Editor: S. Hunt Schmanski
Cover Design: Kim Van Meter, KD Designs
To my all-time favorite heroes: David, Skyler, and Maxen.
I am so blessed.
CHAPTER ONE
Lincolnshire, England, October 1149
A nightmare seized him from sleep, turned around his throat, and filled his mouth so full he could not cry out. Desperate for air, he opened his eyes onto a moonless night that denied him the face of his attacker.
By all the saints! Who dares?
He struck out, but a second attacker appeared and pitched him onto his belly. Though a foul cloth had been shoved in his mouth, the loosening of hands around his throat permitted him to wheeze breath through his nose. Then he was yanked up from the blanket on which he had made his bed distant from his lord’s tent.
Too late realizing the error of allowing dishonor to incite him to isolation, he thrust backward and nearly found his release.
Hands gripped him harder and dragged him toward the wood.
Who were these miscreants who spoke not a word? What did they intend? Would they beat him for a traitor? Worse?
A noose fell past his ears. Feeling death settle on his shoulders, he knew fear that surpassed any he had known. He shouted against the cloth, struggled to shrug out from beneath the rope, splayed and hooked his useless hands.
Lord, help me!
The cruel hands fell from him, but as he reached for the rope, it tightened and snapped his chin to his chest. An instant later, he was hoisted off his feet.
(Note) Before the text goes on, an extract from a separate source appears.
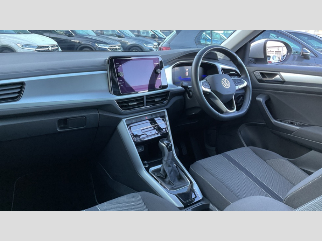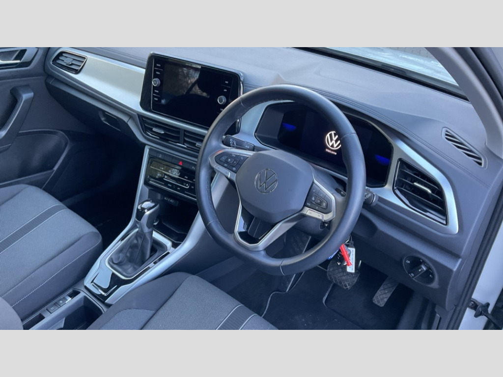 Volkswagen T-Roc 1.5 TSI Life 5dr DSG Bluetooth mobile phone interface, Driver alert system with fatigue detection, Driver tips and journey analysis, Emergency call service, Lane keeping system Lane Assist, Modified key software - reduce switch off time for key status change to Long no motion, Online services, Park assist including front and rear parking sensors, Power assisted speed sensitive steering, Service interval indicator, Tailgate/trunk lid release from outside, Think blue trainer driver tips and journey analysis, Warning sound and light for front seatbelts unfastened, Wireless app connect, Battery regeneration during braking, Front shock absorption, Rear shock absorption chassis with increased ride height, Start/stop function with battery regeneration, DAB Digital radio, Diversity antenna for FM reception, Music playback - MP3, WMA and AAC files, Premium USB cable in choice of either Apple or Android smartphone compatibility, SD card slot, Simultaneous pairing of 2 compatible mobile devices, Title and cover art display, We Connect and We Connect Plus functionality, 3rd brake light, Auto dimming interior rear view mirror, Automatic hazard lights activation under emergency braking, Automatic headlight control with LED separate daytime running lights with coming/leaving home function, Black roof rails, Body coloured bumpers and radiator grille with chrome trim and front fog lamps with chrome bezel, Body coloured exterior mirror housings and door handles, Extended roof spoiler, Exterior mirrors aspherical on driver side, convex on front passenger side, External USB type C socket and charging sockets, Front windscreen wiper with intermittent wipe and 4 position delay, Heated rear window, LED rear combination lamps, LED rear number plate lights, LED tail lamp rear comination lamps, Power windows with comfort operation and circuit breaker, Rain sensor, Rear exhaust tailpipe, Rear fog light on one side and reversing lights on both sides, Rear side wing doors, Rear wash/wipe with intermittent wipe setting, Remote electrically foldable door mirrors, puddle lights and reverse activated passenger's door mirror, 12V power socket in centre console, 3 rear head restraints, 3 seat bench in 2nd row, 4 load lashing points in luggage compartment, Air care climatronic air conditoning system with active combination filter and 2-zone temperature control, Ambient lighting with mirror logo projection, Cloth upholstery, Door and side trim panel in cloth, Drawer under drivers seat, Driver/front passenger seat height adjustment, Front centre armrest, Front comfort sports seats, Front cupholders x 2, Front reading light, Instrument lighting, white adjustable panel illumination, Interior light delay, Isofix child seat preparation, Leather gearshift handle, Load-through provision with cup holder when folded down ('Unsplit rear seat bench, split folding backrest, with centre armrest), Luggage compartment lighting, Lumbar support for driver's and front passengers seat, Non-folding front passenger seat backrest, Single front passenger seat, Storage compartment in left and right luggage area, Storage compartment in rear doors, Storage compartments in driver and front passenger doors, Sunvisors with illuminated vanity mirrors, Variable boot floor, height adjustable and removable, Driver assistance pack without proactive passenger protection - T-Roc, 3 point height adj front seatbelts + pretensioners, 3 point seatbelts in outer rear with ECE label, ABS, Child locks on rear doors, Driver and front passenger airbag with front passenger airbag deactivation, Driver and front passenger safety-optimised head restraints, Drivers seatbelt reminder, Electronic parking brake, Electronic Stability Control (ESC) inc EDL (Electronic Differential Lock) and ASR (Traction Control), Front and rear passengers curtain airbag system including front side airbags, Front assist with city emergency braking and pedestrian monitoring, Front disc brakes, Front seat side impact airbags, Hill start assist, Predictive pedestrian protection, Rear disc brakes, Single tone horn, Tyre pressure loss indicator, Volkswagen roadside assistance, Alarm with interior protection, Anti-theft alarm system with interior monitoring, backup horn, and towing protection, Remote central locking with SAFELOCK, radio remote control with 2 remote control folding keys, Pewter matt decorative inserts for intrument panel, centre console and door panels at the front, Trims for alloy wheels

He flailed and clawed at his trussed neck but was denied even the smallest breath of air.
Realizing that this night he would die for what he had intended to do...for what he had not done...for Henry, he would have sobbed like the boy he ever denied being had he the breath to do so.
Unworthy!
The familiar rebuke sounded through him, though it was many months since he had been called such.
Aye, unworthy, for I cannot even die like a man.
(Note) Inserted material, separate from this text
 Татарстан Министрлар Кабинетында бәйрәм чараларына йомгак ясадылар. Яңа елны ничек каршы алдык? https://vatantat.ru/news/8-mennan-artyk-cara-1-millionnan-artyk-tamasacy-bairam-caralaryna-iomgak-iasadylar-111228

He turned his trembling hands into fists and stilled as the lessons taught him by Lord Wulfrith numbered through his mind, the greatest being that refuge was found in God.
Feeling his life flicker like a flame taking its last sip of the wick, he embraced the calm that settled over him and set his darkening gaze on one of his attackers who stood to the right. Though he could not be certain, he thought the man’s back was turned to him. Then he heard the wheezing of one who also suffered a lack of breath.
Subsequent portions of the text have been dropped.